Page:Assollant - La Chasse aux lions.djvu/89

La bibliothèque libre.
Cette page a été validée par deux contributeurs.
83
LA CHASSE AUX LIONS

Et il cracha sur elle pour lui montrer son mépris. Moi, de mon côté, je lui criai encore plus fort un tas de choses que je ne voudrais pas répéter devant les dames, et je lui jetai des glands, dont un l’attrapa sur le nez, à l’endroit même où elle avait reçu le coup de baïonnette. Ça la mit dans une telle rage, qu’elle essaya de grimper ; mais elle ne réussit pas. Elle bondissait, elle rugissait, elle mordait le tronc du chêne. Vrai ! c’était à faire trembler.

Pendant ce temps, l’Arabe se mit à siffler doucement :

« Ali ! Ali ! »

Le bourricot s’approcha.

Alors l’Arabe, avec son crochet, attrapa un nœud de l’épervier qui était sur son dos, entre les deux paniers, le souleva lentement, le saisit avec la main droite en se retenant de la gauche au tronc du chêne, et l’enleva jusqu’à lui, ce qui fit tomber à terre les deux petits lionceaux, qui étaient couchés dessus. Il cria de joie : « Allah ! Allah ! Allah Ahkar ! » comme qui dirait dans la langue de ce sauvage : « Dieu est vainqueur ! »

Si Dieu était vainqueur, mes moyens ne me permettent pas de le savoir, mais Ibrahim était content, et nous aussi, je vous en réponds !

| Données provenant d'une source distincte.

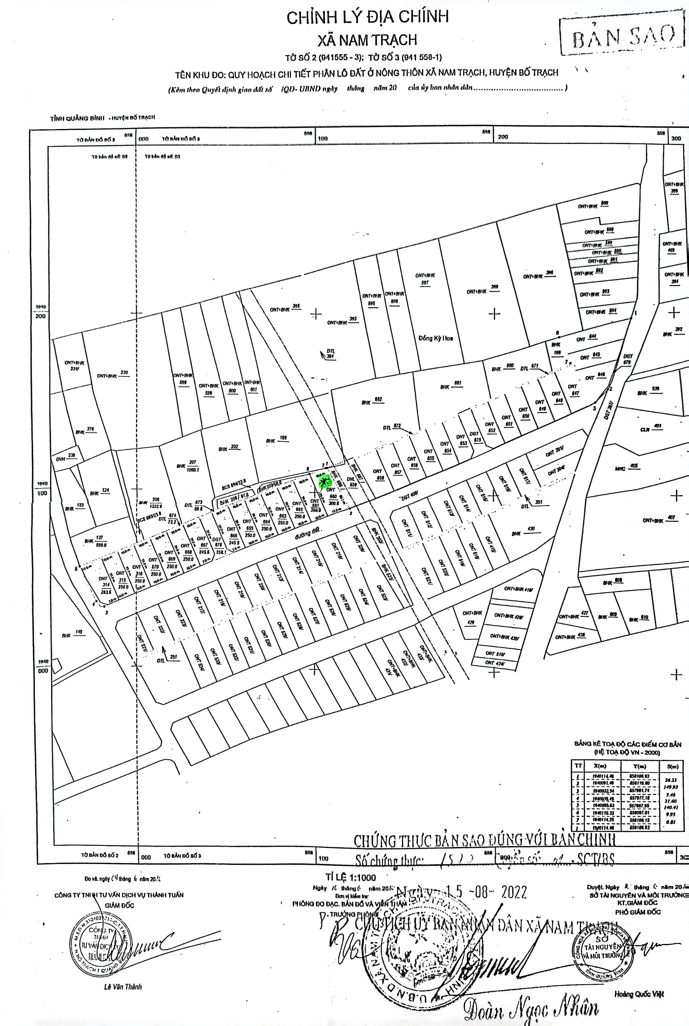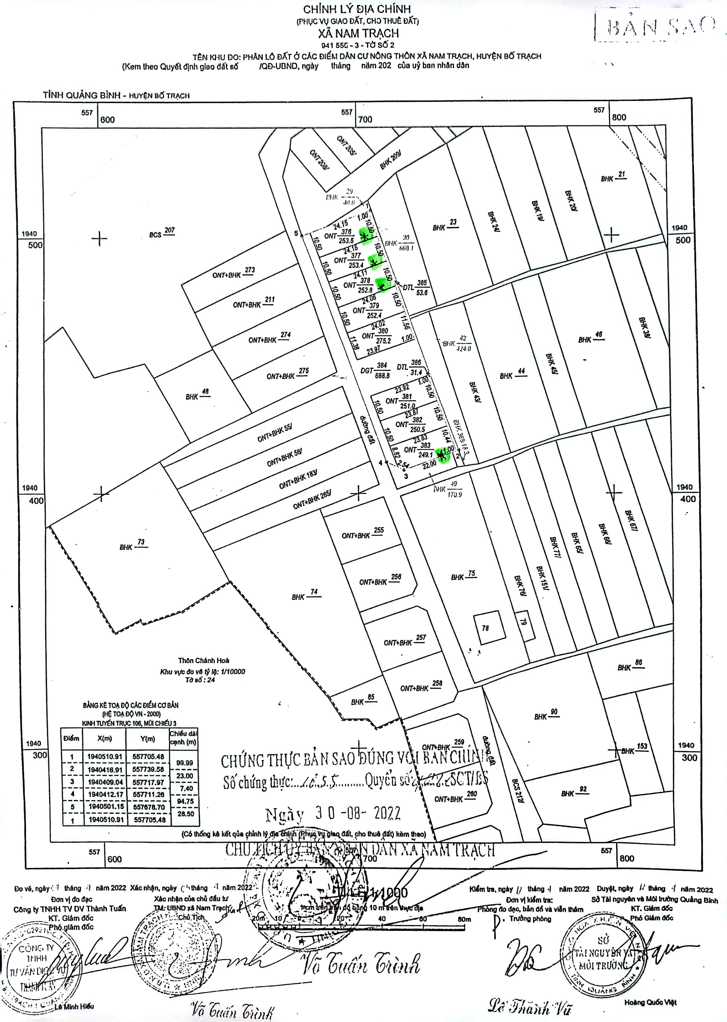 2. Tổ chức có quyền đưa tài sản ra đấu giá: Ban quản lý dự án Đầu tư xây dựng và Phát triển quỹ đất huyện Bố Trạch. Địa chỉ: Đường Nguyễn Tất Thành, tiểu khu 3, thị trấn Hoàn Lão, huyện Bố Trạch, tỉnh Quảng Bình. 3. Tài sản đấu giá: Quyền sử dụng đất ở đối với 05 thửa đất tại xã Nam Trạch, huyện Bố Trạch, tỉnh Quảng Bình; Diện tích từ 249,1m2/thửa đến 300,5m2/thửa; Giá khởi điểm từ 601.000.000 đồng/thửa đến 653.000.000 đồng/thửa. Diện tích đất, vị trí, giá khởi điểm của từng thửa đất và các thông tin liên quan được niêm yết tại trụ sở Trung tâm Dịch vụ đấu giá tài sản tỉnh Quảng Bình, Ban quản lý dự án Đầu tư xây dựng và Phát triển quỹ đất huyện Bố Trạch và UBND xã Nam Trạch. 4. Tiền đặt trước: Nộp từ 15% đến 20% trên giá khởi điểm của thửa đất đăng ký. 5. Điều kiện, cách thức đăng ký tham gia đấu giá tài sản: Hộ gia đình, cá nhân thuộc đối tượng được Nhà nước giao đất có thu tiền sử dụng đất theo quy định của Luật Đất đai, nộp hồ sơ tham gia đấu giá hợp lệ tại trụ sở của Ban quản lý dự án Đầu tư xây dựng và Phát triển quỹ đất huyện Bố Trạch. 6. Thời gian, địa điểm thực hiện các thủ tục đấu giá tài sản: - Thời gian, địa điểm tham khảo, bán hồ sơ, đăng ký tham gia đấu giá và bỏ phiếu trả giá: Từ ngày 24/5/2023 đến 16h30’ ngày 09/6/2023 tại trụ sở của Ban quản lý dự án Đầu tư xây dựng và Phát triển quỹ đất huyện Bố Trạch. - Thời gian, địa điểm nộp tiền đặt trước: Từ ngày 07/6/2023 đến 16h30’ ngày 09/6/2023 vào tài khoản của Trung tâm Dịch vụ đấu giá tài sản tỉnh Quảng Bình mở tại Ngân hàng thương mại. (Các thủ tục trên được thực hiện trong giờ hành chính các ngày làm việc) - Thời gian, địa điểm buổi công bố kết quả trả giá: Vào lúc 14h00’ ngày 12/6/2023 tại UBND xã Nam Trạch, huyện Bố Trạch, tỉnh Quảng Bình. Mọi chi tiết xin liên hệ: Tại Trung tâm Dịch vụ đấu giá tài sản, điện thoại: 0232.3856585 (Gặp đ/c Phương); Ban quản lý dự án Đầu tư xây dựng và Phát triển quỹ đất huyện Bố Trạch và UBND xã Nam Trạch./. PHỤ LỤC 05 THỬA ĐÂT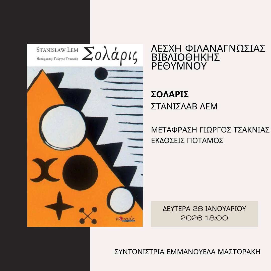 • «Σολάρις» του Στάνισλαβ Λεμ στη Λέσχη Φιλαναγνωσίας της Δημόσιας Βιβλιοθήκης Ρεθύμνου

Son cri fit retourner la lionne, qui vit l’épervier s’enlever dans l’air comme un oiseau, et les lionceaux tomber à terre comme deux fromages mous.

« Tonnerre ! qu’elle dit ; mille millions de tonnerres de bombardes et d’obusiers réunis ! »

Du moins, c’est ce que je compris quand elle poussa un rugissement si fort, que Pitou lui-même fut ébranlé (lui qui ne s’ébranle jamais), que l’Arabe Ibrahim se colla des deux bras au chêne comme un lièvre, et qu’Ali, le pauvre bourricot, tomba évanoui sur le rocher.

Elle devint si furieuse qu’elle bondit sur nous, malgré nos baïonnettes, et manqua de s’embrocher toute vive. Malheureusement, c’est ma broche qu’elle rencontra, qui glissa le long de son flanc et s’enfonça dans sa cuisse, mais sans entrer profondément, parce que la lionne recula vivement, comme vous pouvez croire, quand elle en sentit la pointe.